A terceira regra adverte para a natureza crescentemente difusa e fragmentária do poder na UE. A União é hoje uma criatura de muitas cabeças, como o monstro Behemoth, de que falava Hobbes a propósito da guerra civil inglesa no século XVII. Na questão dos refugiados, por exemplo, a Hungria e a Polónia batem o pé a Berlim, recusando o sistema de quotas, que Lisboa, corretamente, aceita. E a Turquia ganhou um protagonismo maior do que o da maioria dos Estados membros. Mesmo na área económica, a hegemonia alemã é moderada pelo poder funcional do BCE, que tem contrariado, através de uma política monetária expansionista, a pulsão de Berlim para transformar o seu peculiar ordoliberalismo em lei universal. Sintomaticamente, uma instituição não eleita, como o BCE, tem sido capaz de ver o conjunto europeu com mais inteligência do que os governantes eleitos, fechados numa desfocada ótica nacional, sempre de curtíssimo prazo, e tecnicamente incompetente.
A quarta regra fundamental consiste no princípio da Destruição Mútua Assegurada. Se mesmo para os países que estão fora da zona euro, como o Reino Unido, a saída da UE seria uma tragédia, para os países da zona euro pensar que é possível uma "saída ordenada" do euro - como se reclama nalguma esquerda em Portugal, ou na extrema-direita em França - é o mesmo que propor saltar de um avião, sem paraquedas, para escapar a um pirata do ar. Portugal deve procurar estabelecer alianças com outros Estados membros, em torno de roteiros estratégicos que procurem respostas integradas para os diferentes problemas comuns (dívida pública e privada excessivas, debilidade do sistema financeiro, estagnação económica, desemprego, refugiados, etc.). Portugal precisa de falar com todos (com especial ênfase para Berlim), e com todos fazer a pedagogia da autopreservação: estamos de tal modo interdependentes na UE e na zona euro, que se não formos capazes de criar um espaço habitável comum, baseado na lei e na justiça, acabaremos por implodir em conjunto, numa desordem económica e política, com epicentro na Europa, mas de impacto mundial.

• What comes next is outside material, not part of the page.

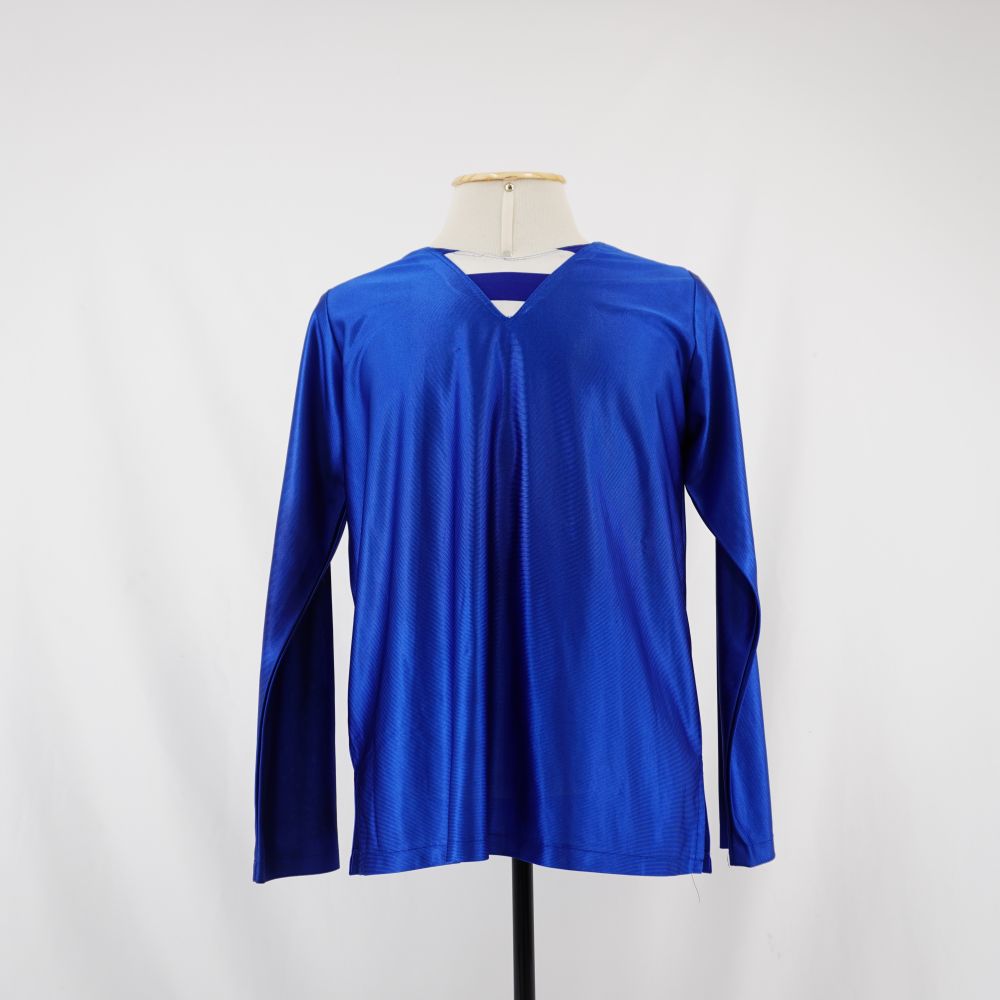 by Michelle Araujo Leia Mais...Blusa manga longa, azul royal com decote “V” e detalhe listrado azul e branco no decote.

Há 30 anos, a III Guerra Mundial foi evitada porque norte-americanos e soviéticos perceberam que numa guerra atómica não haveria vencedores, só derrotados. Os europeus, hoje, apenas têm de perceber que se a sua casa comum desabar todos seremos esmagados debaixo dos seus escombros. Se tardamos a concordar no desenho do futuro, talvez um medo esclarecido possa alertar-nos para o abismo que nos engolirá se não mudarmos de rumo.